Sissel Seierstad, a Magnolia resident and conference attender who is originally from Norway explained why the act of knitting is important in Norway. “Knitting is a comfort thing in Norway. Everyone sits and knits. It is a part of family and community life,” she said.
In fact, until recently, knitting was part of the grade school curriculum for boys and girls. Today, one of the bestselling books in Norway is a one-hundred-year-old volume of Annichen Sibbern Bohn’s instructions on knitting.
The conference’s focus was the Scandinavian mitten. A gift of mittens is considered a gift of the heart, like giving your hand -- it is often to someone one loves.
Mittens are an important part of a young Scandinavian girl’s dowry. Young Nordic women knit gloves for every member of her future husband’s family, and sisters of the brides knit mittens for all guests of the wedding. Each new husband receives as many as four newly knit pairs of gloves. The mittens are displayed on strings hung from the ceiling of the space in which the wedding occurs.
Gloves, from every region of Scandinavia, (which includes Norway, Denmark, Sweden, Finland, Iceland, Estonia and Latvia), is filled with powerful and unique symbolism. There are symbols on the palm of the glove that keep away bad dreams. The bottom of the thumb on the palm of the glove is given the most intimate meaning with symbols of love, often a heart or a rose.

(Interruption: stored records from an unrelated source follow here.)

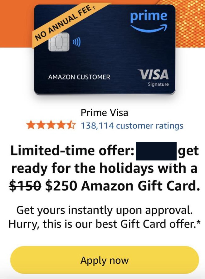 Amazon Gift Card instantly upon approval* (Prime Members)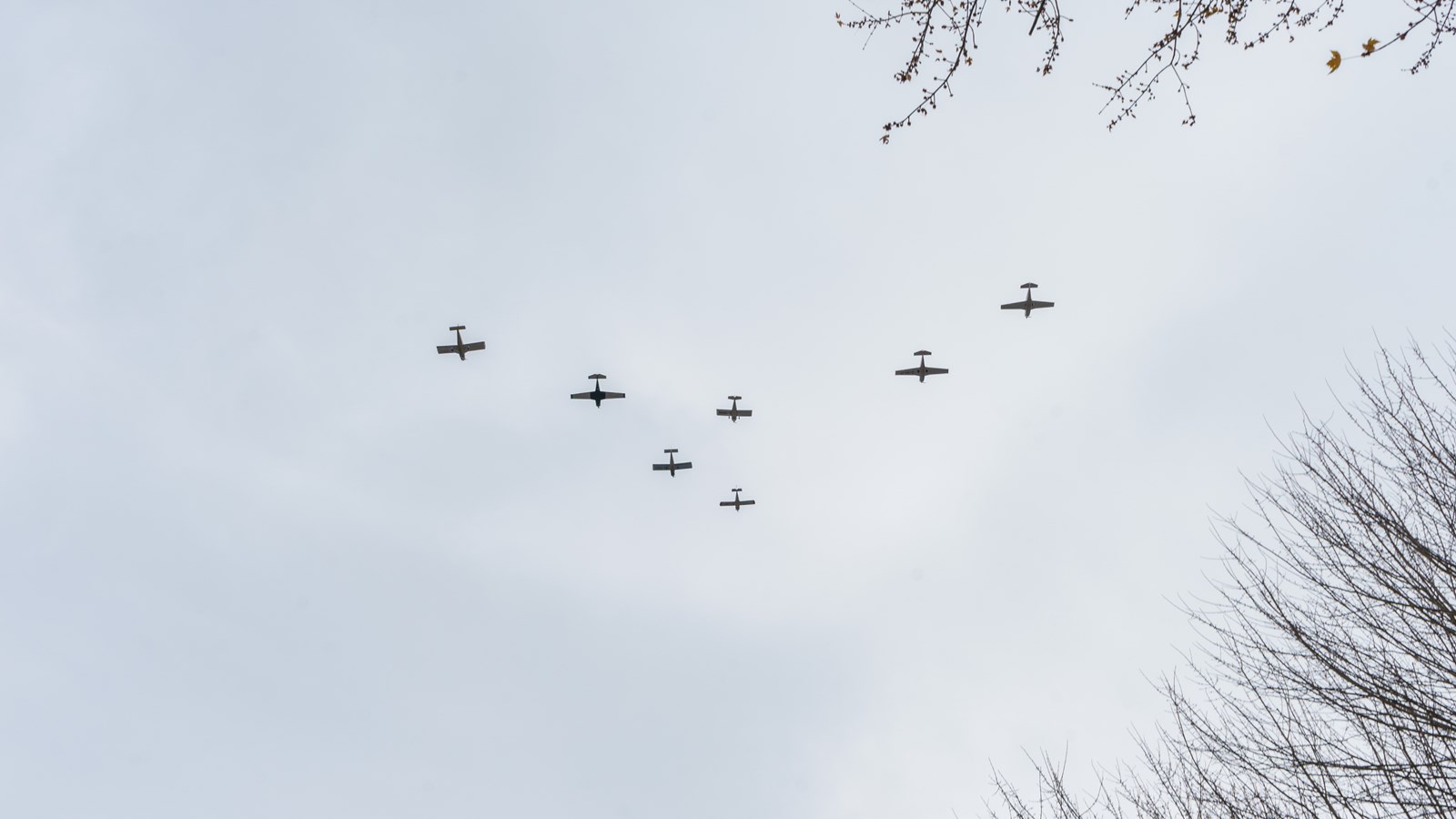Le Club d’aéronautique de Beauce a volé au-dessus du cénotaphe durant la cérémonie. Les avions ont réalisé la formation aérienne Missing man, comme le veut la tradition notamment pour les cérémonies funéraires de pilotes morts en mission. La première fois qu’elle a été utilisée pour une autre personne qu’un militaire, c’était en 1936 pour le roi Georges V.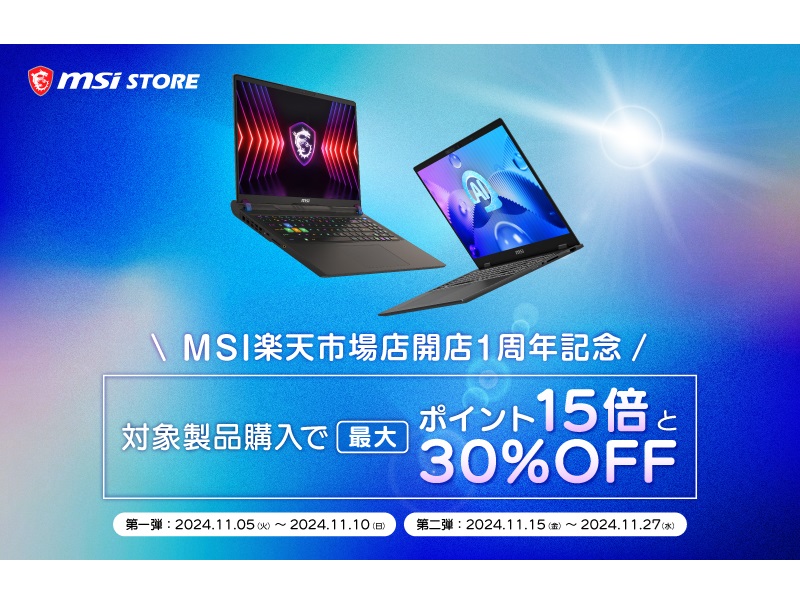対象ノートPCが最大30%引きになる「MSIストア楽天市場店オープン1周年記念セール」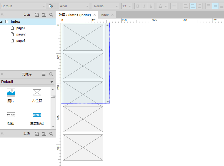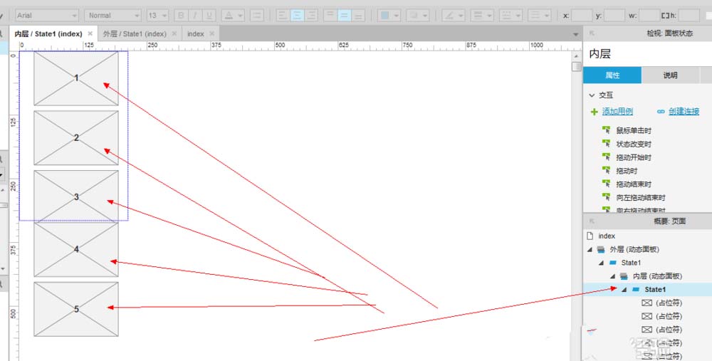 5、由于我们要体现的是一种滚动状态,所以我们的内容必须要长于我们的动态面板所显示的范围,所以我们需要多次添加内容,我们边按住“ctrl”边拖动我们刚才建立的“占位符”,即可复制。如下图。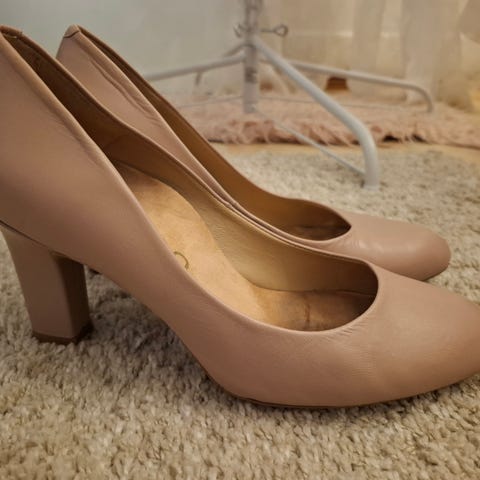 Käyttämättä jääneet huippulaatuiset korokepohja-avokkaat mokkaa, kamelinruskea. Sisäpuoli pehmeää nahkaa. Tolppakorko 9 cm, korokepohja 2 cm. Ovat siis korosta huolimatta mukavat kävellä. Ainoa moite nälytystarrasta jäänyt jälki toisen kengän sisäpohjassa. Pohjan lika vain sovituksista. Klassinen, mantelinmuotoinen kärki. Sisämitta n. 24 cm.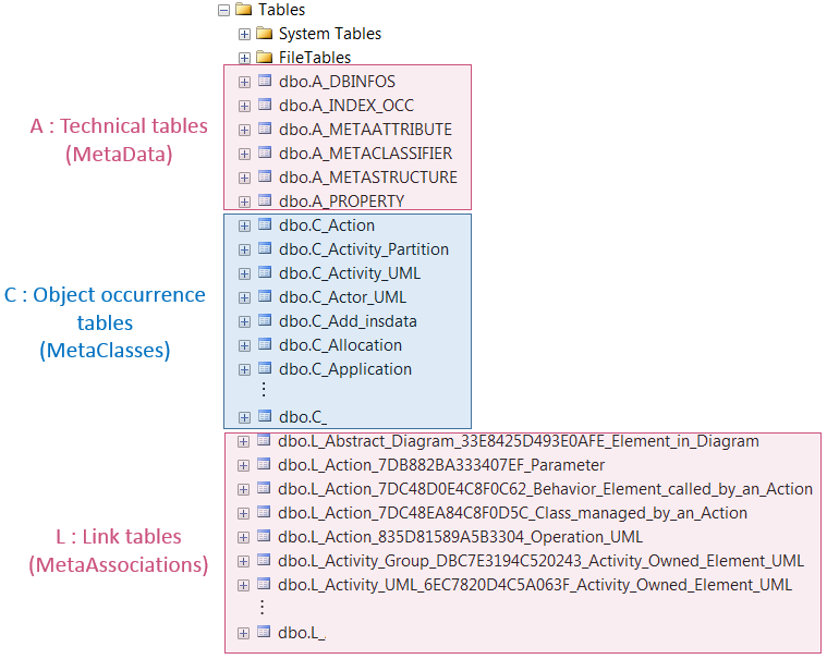In dbo.C_<MetaClass name>, the Columns folder details the attributes or tagged values belonging to the MetaClass occurrence concerned. Each column name is prefixed as follows: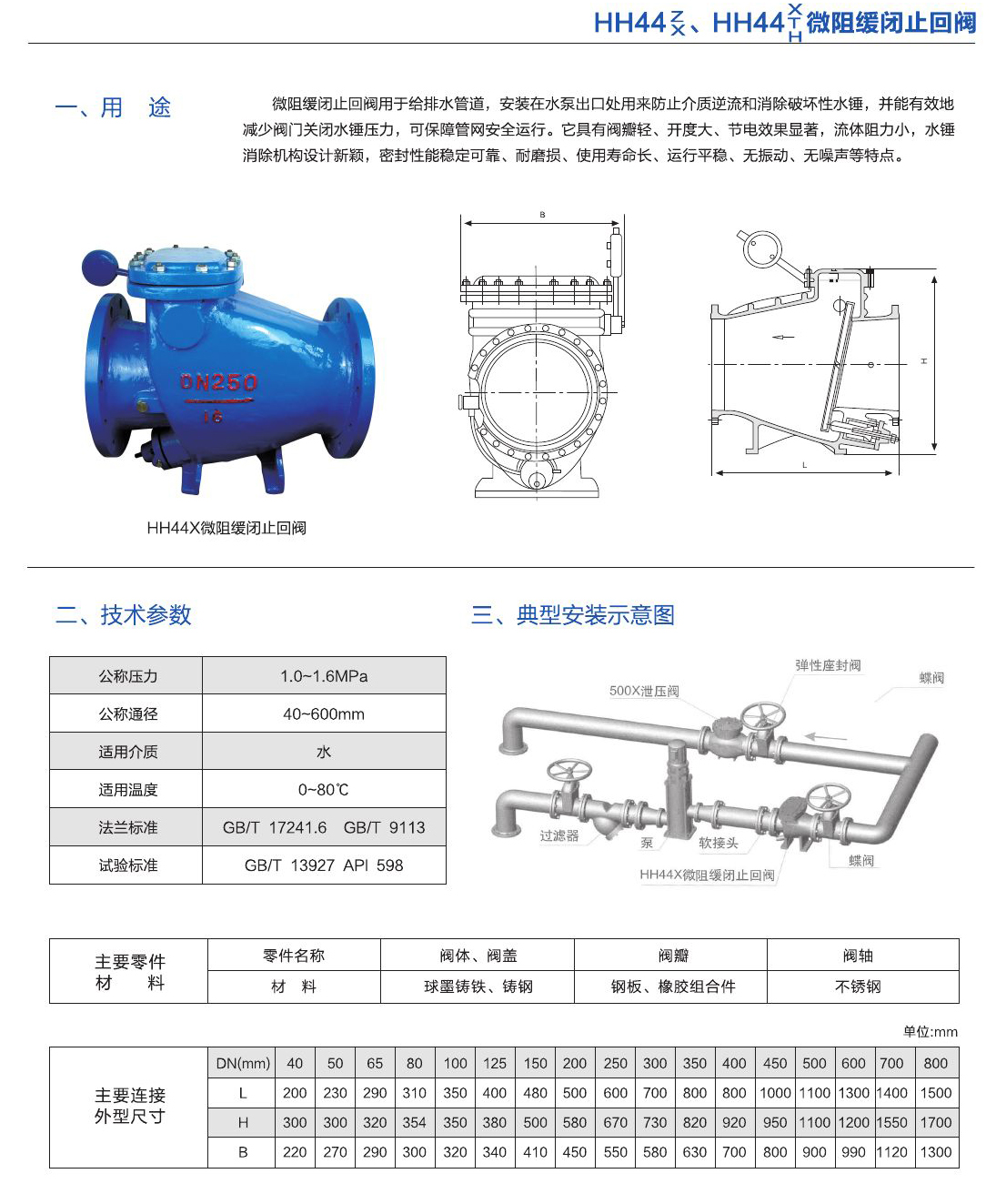 - 微阻緩閉止回閥用于給排水管道,安裝在水泵出口處用來防止介質逆流和消除破壞性水錘,并能有效地減少閥門關閉水錘壓力,可保障管網安全運行。

The keynote speaker, Annemor Sundbo, who was recently named by Norway as a National Treasure for her work in salvaging and preserving old knittings, and documenting millions of ancient Nordic sweaters and mittens, noted the irony of her mother’s warning to her as a young child; “If you do not behave, I will sell you to the rag man.”
But Sundbo, who purchased an old sleeping bag factory in her youth and discovered the bags stuffed with ancient Scandinavian knittings, feels passionate about her calling to find the spirit within the rag pile and impart it’s meaning to any artisans, craftsmen and knitters who will listen.
“This is my reward,” she said with ebullience.